All three of our patients required hospitalization for exclusion of other active infections, re-treatment with high dose antifungals, and supportive care. All patients recovered with continuation of ART. Although talaromycosis IRIS can be clinically challenging and can have significant morbidity, the outcomes of our patients and of those reported in the literature with unmasking talaromycosis IRIS appear to be better than seen in IRIS associated with cryptococcal meningitis, where mortality is as high as 34% [17]. Non-steroidal anti-inflammatory treatment was useful in two of our patients, and seemed adequate for the control of inflammatory synovitis without the need for corticosteroid treatment, although corticosteroid may be required for patients with more severe symptoms. A previous case from China reports the use of methyl prednisolone in a patient with unmasking IRIS [13]. It is unknown whether intensification of antifungal therapy with amphotericin B or increased dose of itraconazole is required in patients with culture-negative paradoxical IRIS, such as patient 1. However it is generally believed that residual pathogen, viable or not, plays an important role in the pathogenesis of IRIS [5]. Randomized trials to define optimal anti-infective treatment for IRIS associated with invasive fungal infections have not been performed.
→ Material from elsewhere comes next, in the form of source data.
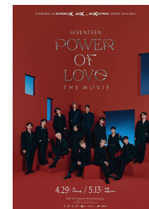
©2022 HYBE ALL RIGHTS RESERVED. MADE IN KOREA 「SEVENTEEN POWER OF LOVE : THE MOVIE」
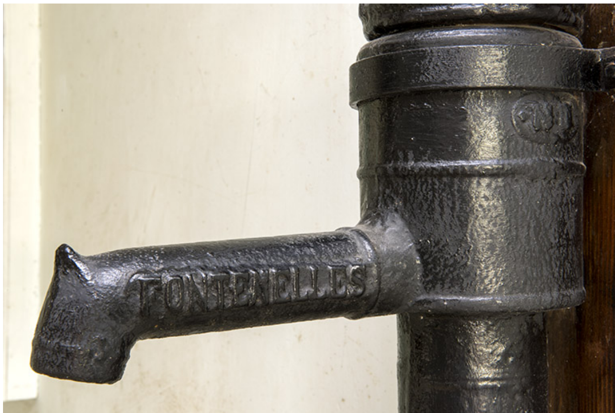
Intérieur : inscription sur la pompe Renaud. 25, Le Russey, 64 avenue de Lattre de Tassigny
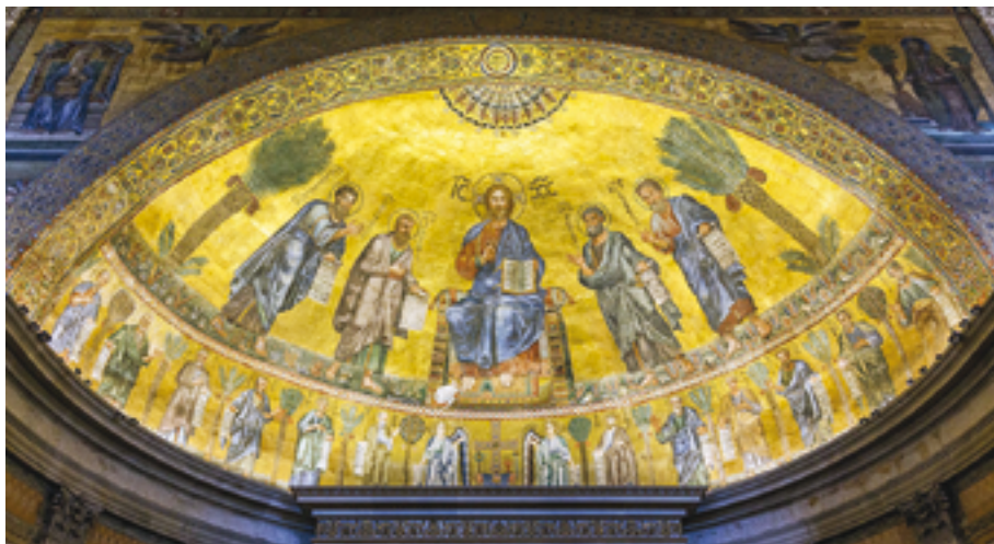
Cristo con gli Apostoli Pietro, Andrea e Paolo e Luca, particolare Mosaico absidale. Roma, Basilica di San Paolo fuori le Mura.

Perciò anch'io, avendo avuto notizia della vostra fede nel Signore Gesù e dell'amore che avete verso tutti i santi, continuamente rendo grazie per voi ricordandovi nelle mie preghiere, affinché il Dio del Signore nostro Gesù Cristo, il Padre della gloria, vi dia uno spirito di sapienza e di rivelazione per una profonda conoscenza di lui; illumini gli occhi del vostro cuore per farvi comprendere a quale speranza vi ha chiamati, quale tesoro di gloria racchiude la sua eredità fra i santi e qual è la straordinaria grandezza della sua potenza verso di noi, che crediamo, secondo l'efficacia della sua forza e del suo vigore. Egli la manifestò in Cristo, quando lo risuscitò dai morti e lo fece sedere alla sua destra nei cieli, al di sopra di ogni Principato e Potenza, al di sopra di ogni Forza e Dominazione e di ogni nome che viene nominato non solo nel tempo presente ma anche in quello futuro.
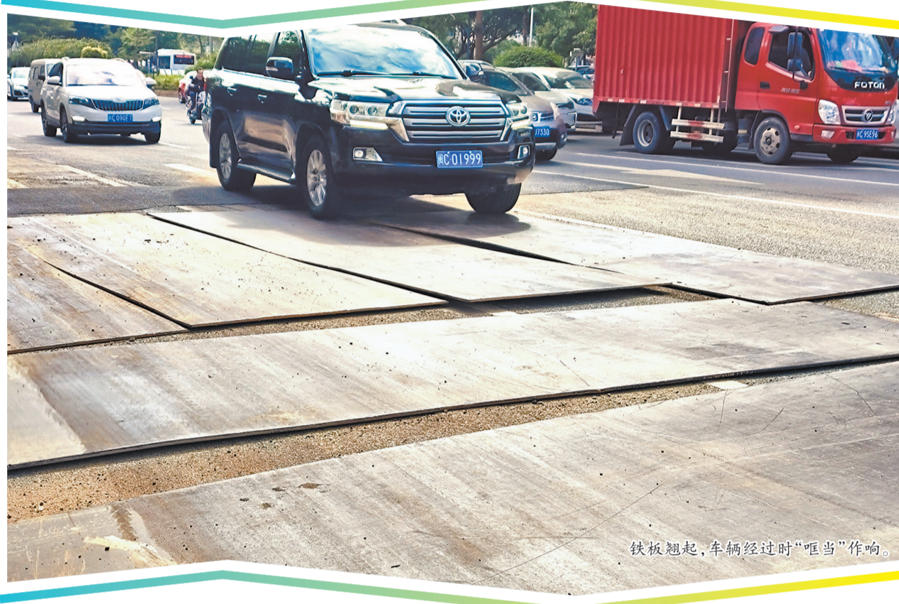
铁板翘起,车辆经过时“哐当”作响。

“最近小区楼下昼夜响个不停,已经持续了整整一周。”昨日上午,市民陈先生致电本社24小时热线96339反映,他所住的东海泰禾首玺小区近期周边都在破路施工,令小区居民纳闷的是,除了破路时的扰民,有一处路面挖开后铺了6块铁板,这些铁板不仅翘起存在危险,车辆经过时更是“哐当”作响,而且已经持续了一个多礼拜。
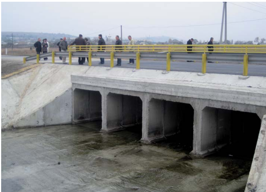
^ Podul peste riul Cogilnic

100 000 de locuitori ai raioanelor Basarabeasca, Cimișlia, Hîncești, din municipiul Chișinău, satul Cioc – Maidan (Găgăuzia), satul Tvardița, raionul Taraclia care traversează frontiera cu Ucraina prin punctul internațional “Basarabeasca - Serpnevoe”. Acest obiectiv a fost realizat în 45 de zile și a costat circa 2 mil. lei, bani alocați din FNDR.
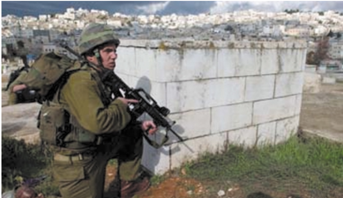
«In Bezug auf die Sicherheit kontrollieren wir dank unserer Präsenz vor Ort die Situation mit grösster Genauigkeit und sind Tag und Nacht in diesen Regionen aktiv.»

Fragen wie z. B. jene, wie sich ein demokratischer jüdischer Staat mit einer bedeutenden arabischen Bevölkerung zu verhalten hat, Fragen betreffend Grenzverlauf, Berechtigung auf diesem Territorium zu leben. Zahlreiche dieser Fragestellungen konnten in den ersten Jahren der Existenz als Staat, d.h. zwischen 1948 und 1973, vernachlässigt werden. Nun stehen wir in einer Phase unserer Geschichte, in der wir uns mit diesen wichtigen Themen auseinandersetzen müssen, und das ist nicht einfach. Es verlangt viel Geduld und viel Weitsicht zu entscheiden, was für uns wirklich wichtig und was zweitrangig ist. Wir müssen in der Lage sein, unser Land mit einer starken und visionären Führung zu versehen. Meiner Meinung nach wird unsere Zukunft durch unsere Fähigkeit bestimmt werden, einen Weg zur Einigkeit in Bezug auf unsere gemeinsamen Werte und Ziele zu finden. Wir müssen uns darüber im Klaren sein, was wir erreichen und wie wir als moderner jüdischer Staat in einer Umgebung leben wollen, deren Werte ganz anders sind als unsere. Es ist entscheidend für uns zu bestimmen, wie wir unsere Zukunft gestalten und wie wir unsere Kinder hier erziehen möchten. Es ist eine schwierige, aber auch machbare Herausforderung und wir werden sie erfolgreich meistern.

Co-infection with talaromycosis and tuberculosis is common, with microbiology-confirmed tuberculosis coinfection seen in 22% of patients [3], and presents a therapeutic challenge in that rifampicin as a potent CYP3A4 inducer reduces itraconazole concentration by 60% [18]. Co-administration of itraconazole and rifampicin might increase the risk for talaromycosis relapse or IRIS in co-infected patients; however the clinical significance of this important pharmacokinetic interaction has not been systematically investigated. Patient 3 in addition to having paradoxical IRIS associated with talaromycosis also developed unmasking IRIS associated with tuberculosis requiring rifampicin therapy. She was retreated with amphotericin B and avoided this important drug-drug interaction during the initial period of therapy. She tolerated the increased dose of itraconazole to 600 mg/day during rifampicin co-administration, and had no disease relapse. Co-administration of itraconazole and efavirenz also presents a pharmacokinetic challenge in that efavirenz is a moderate inducer of CYP3A4 and reduces the level of itraconazole by 30% when the two drugs are co-administered [11], [19]. However, the clinical significance of this pharmacokinetic interaction is not apparent as the majority of HIV-infected patients with talaromycosis in Asia are safely started on ART regimen containing efavirenz with low rates of disease relapse when they are maintained on secondary itraconazole prophylaxis [20].

This case study highlights the clinical manifestations and management in patients with paradoxical talaromycosis IRIS and call for research to define the incidence, risk factors, and clinical impact of this understudied complication in patients with advanced HIV infection in Asia.

Conflict of Interest

We declare that there are no competing interests.